### [Problem]
From the records below, please repeat exactly the line that has "随后,彭洋书记与刘峰院长签到", the line that has "Арт 493ФУТБОЛКА ВЯЗАНА", and every line between them, and nothing else.

### [Data extract]
* * * *

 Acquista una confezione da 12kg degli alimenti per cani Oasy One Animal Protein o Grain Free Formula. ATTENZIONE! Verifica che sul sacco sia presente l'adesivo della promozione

* * * *

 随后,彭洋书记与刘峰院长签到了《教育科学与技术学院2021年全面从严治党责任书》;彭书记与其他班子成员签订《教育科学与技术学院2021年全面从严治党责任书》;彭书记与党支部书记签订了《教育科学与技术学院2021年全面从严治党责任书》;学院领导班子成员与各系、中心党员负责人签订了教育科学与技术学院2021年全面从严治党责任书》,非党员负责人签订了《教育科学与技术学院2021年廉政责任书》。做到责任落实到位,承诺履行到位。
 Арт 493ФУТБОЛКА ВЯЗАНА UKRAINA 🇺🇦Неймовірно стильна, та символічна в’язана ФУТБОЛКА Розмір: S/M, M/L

* * * *

### [Solution for this task]
 随后,彭洋书记与刘峰院长签到了《教育科学与技术学院2021年全面从严治党责任书》;彭书记与其他班子成员签订《教育科学与技术学院2021年全面从严治党责任书》;彭书记与党支部书记签订了《教育科学与技术学院2021年全面从严治党责任书》;学院领导班子成员与各系、中心党员负责人签订了教育科学与技术学院2021年全面从严治党责任书》,非党员负责人签订了《教育科学与技术学院2021年廉政责任书》。做到责任落实到位,承诺履行到位。
 Арт 493ФУТБОЛКА ВЯЗАНА UKRAINA 🇺🇦Неймовірно стильна, та символічна в’язана ФУТБОЛКА Розмір: S/M, M/L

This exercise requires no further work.